Девица красна, девица прекрасна. Девица смела и уже не подвластна самой
себе. Изгибается коварной змеей, заманивает его в свои сети долгими и
неприкрытыми взглядами. Вызывающе отплясывает и все никак не падает
замертво. А на небе уже теплится рассвет. Он алыми пятнами расплывается по
темной глуши, хмуро наблюдает за сожженной землей и преданными ей телами.
Боги хохочут и пьют в свою ночь, принимая щедрые дары темных родов.
А Антонин все никак не может вонзить лезвие в тело крестьянки.
Та целует его жарко, проводит разгоряченными руками по щетинистым
щекам и крепко прижимается, так сильно, словно хочет влиться в него, стать
одним целым. Он держит ее за талию — грубо, жестко вгрызается в ее губы и
заставляет наклоняться все ниже и ниже.
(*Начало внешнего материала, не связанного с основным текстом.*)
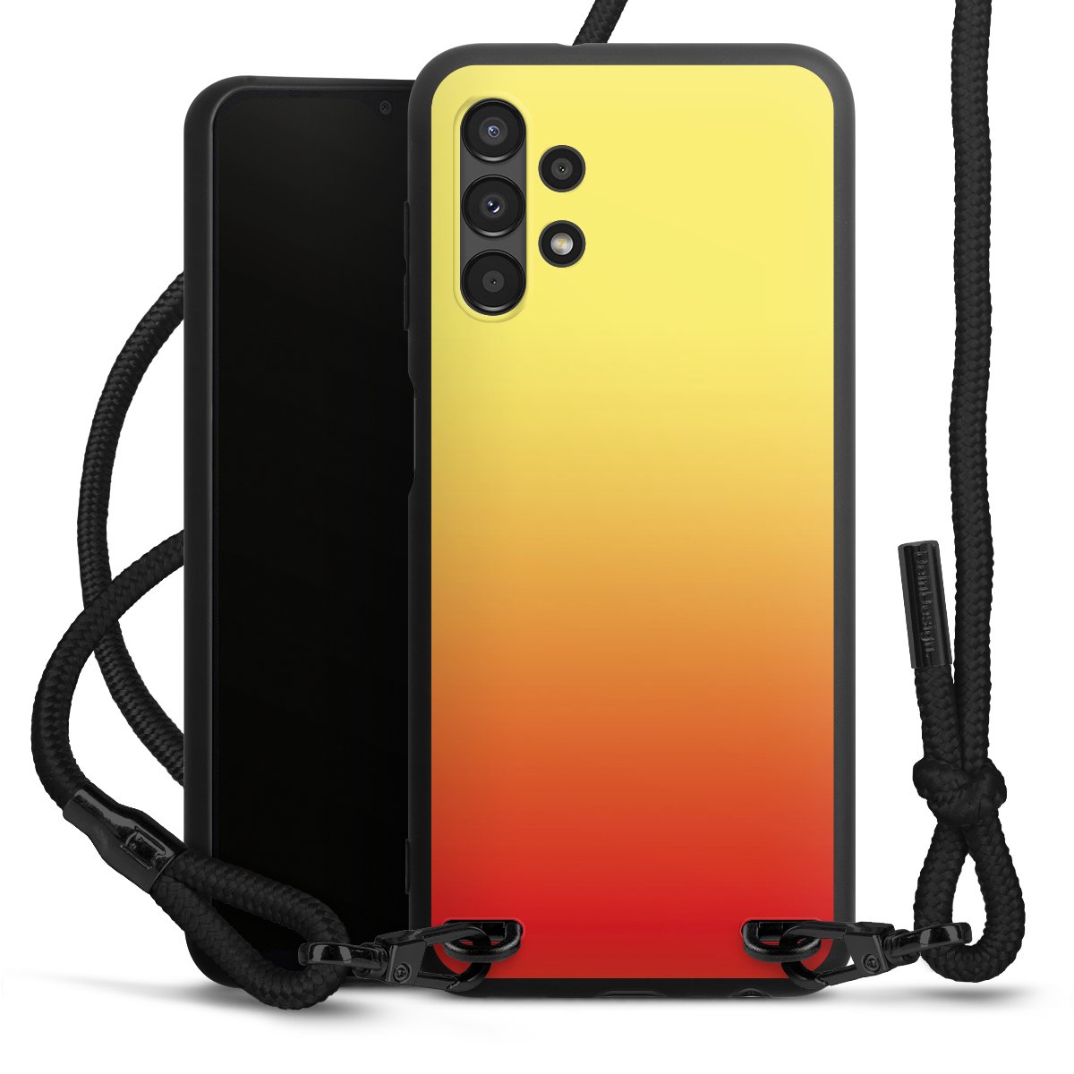 We use the solid direct print process for this phone case, which is why the print area only covers the back and the edge remains unprinted. The case to wear around your neck can be ordered unprinted, fully printed, or partially printed. For your design, either choose one of our exclusive shop motifs or get creative and create your own design, for example with photos and overlays. Design your own personal trend accessory and make an individual statement on the streets!
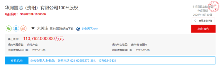 2025年11月30日,据上海联合产权交易所公开信息,海南华润石梅湾旅游开发有限公司公开挂牌转让华润置地(贵阳)有限公司100%股权,转让底价约11.08亿元。
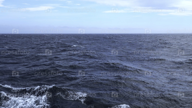 Прекрасный вид на горизонт голубого моря с волнами. Клип. Пена от волн в синем море. В синем море с волнами на фоне горизонта с синим небом
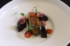 1品目はフォワ・グラを使った1品です。ソテしたフォワ・グラと生のビーツ、そして長時間火を通したビーツが添えられています。アクセントとしてカボチャのピュレも添えられています。
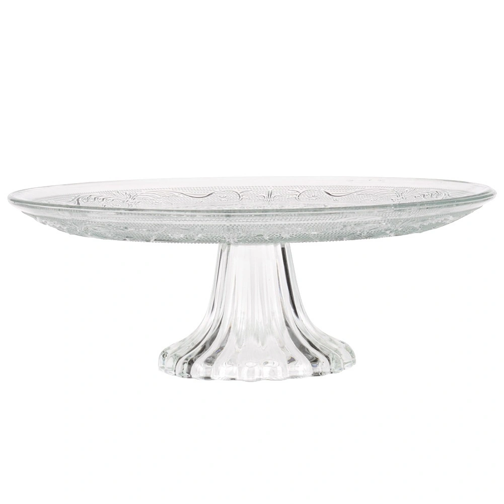 De glazen taartschaal op voet is ideaal voor het serveren en presenteren van taarten, cakes, gebak en hartige hapjes. De klassieke ronde vorm met decoratief reliëf past perfect bij elke tafelsetting en accentueert de uitstraling van de geserveerde lekkernijen.
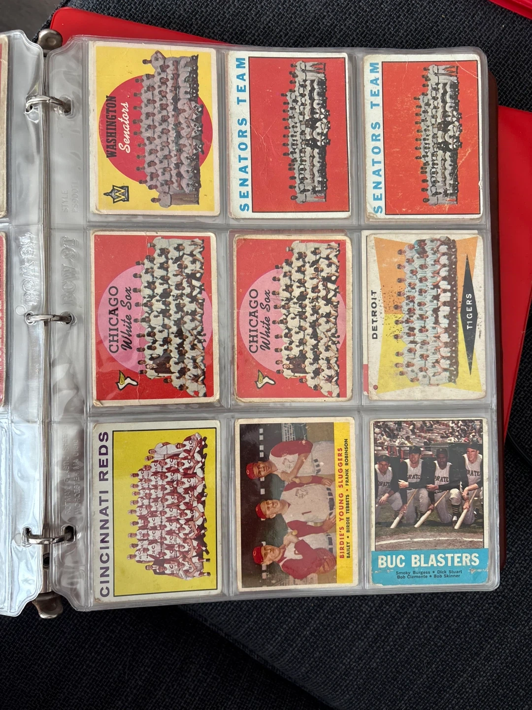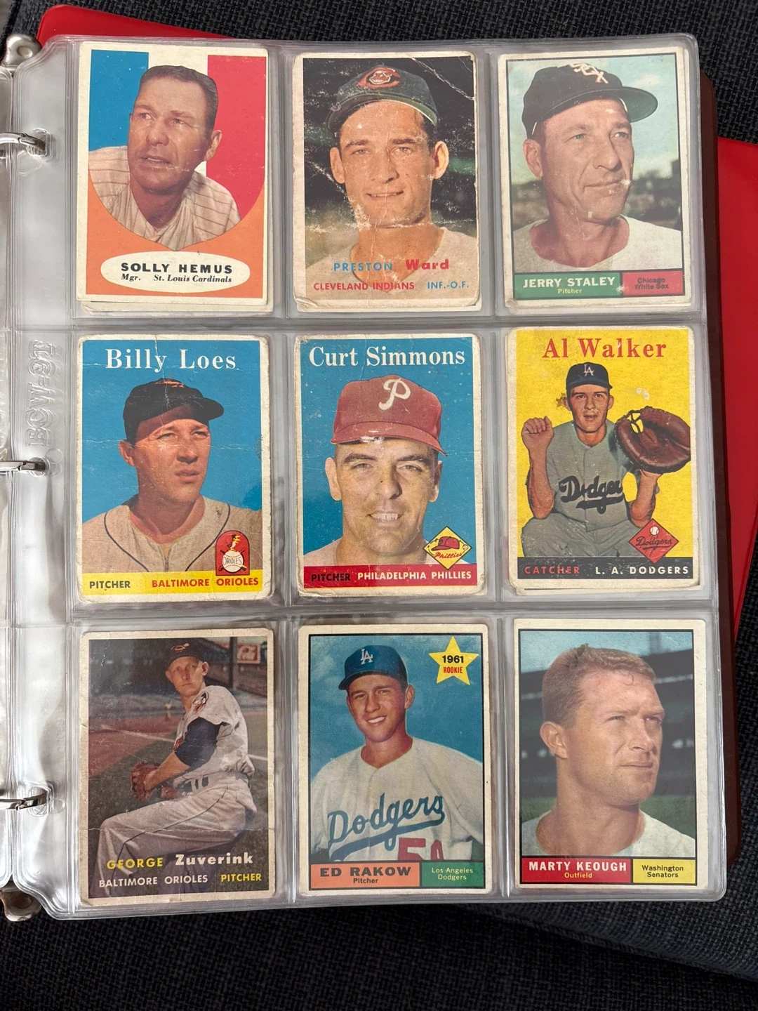 A collection of 1950/60 vintage baseball cards. Includes cards from the Senators, Chicago White Sox, Detroit Tigers, Cincinnati Reds, and more. Some cards depict famous players like Solly Hemus, Preston Ward, and Jerry Staley. A great addition for any baseball memorabilia enthusiast!
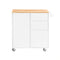 [PRODUKTINFORMATION]: Vikt: ca 17 kg; bärkapacitet upp till 30 kg. Material: MDF (E1), arbetsyta i massiv heveaträ. Mått: ca 67x86x38 cm. Perfekt som kompakt köksmöbel eller multifunktionell serveringsvagn i små utrymmen.
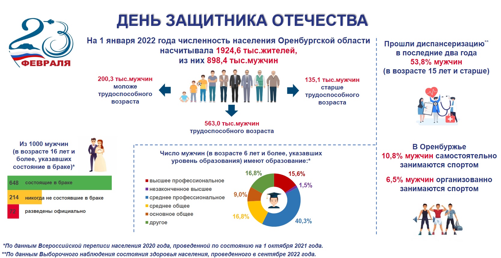 Всероссийская перепись, проведенная в Оренбургской области, показала, что 15,6% мужчин имеют высшее образование; 40,3% - средне профессиональное; 16,8% - среднее общее; 9,0% - основное общее; 1,5% - незаконченное высшее образование; а 16,8% предпочли и вовсе умолчать, что они оканчивали.
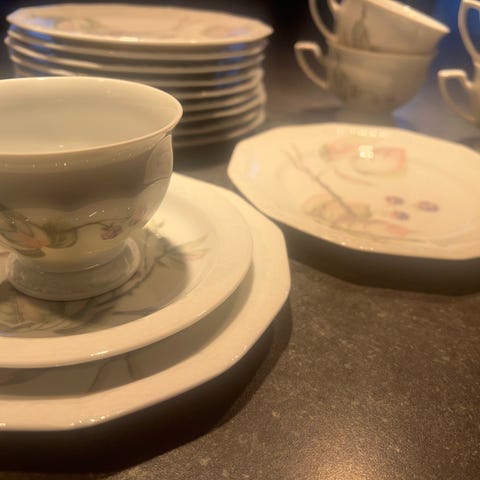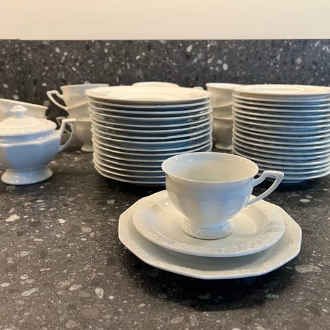 Innehåller totalt 43 delar varav 12 koppar, 12 fat, 12 assietter, 2 serveringsfat, 1 sockerskål med lock, 1 grädd/mjölkkanna och 1 kaffe/tekanna med lock.

Одно резкое движение,
отталкивающее ее, и девчонка свернет шею, свалившись в бурные воды реки
под ними.
Но вместо этого он вырывает из ее цепких пальчиков кинжал и проводит
концом его лезвия по щеке, оставляя кровавую отметину. Красавица безумно
улыбается и выгибает шею, предлагая ему продолжить болезненную линию и по
шее, на которой бьется жилка ее жизни.
Сердца колотятся в унисон, и смерть отплясывает под этот безумный ритм.
Реки крови стремятся к ее ногам; Антонин вонзает свой кинжал в трепещущее тело крестьянки. Вглядывается в глаза ее, но не видит страха или боли — лишь
адреналин, азарт, уловка хищника. У него в боку зияет дыра.
— Умрешь со мной, князь, — жарко шепчет она. — И жить только со мной
будешь.
Самайн задурманивает мозг и вонзается под кожу тысячей иголок, огнем
лижет обнаженные ноги и пожирает мертвые тела. В его загребущих лапищах
тонут крики боли и отчаяния, в его теле люди становятся новой ветвью силы.
И Долохов хохочет ей в ответ.
Испивают кровь из ритуальной чаши они вместе.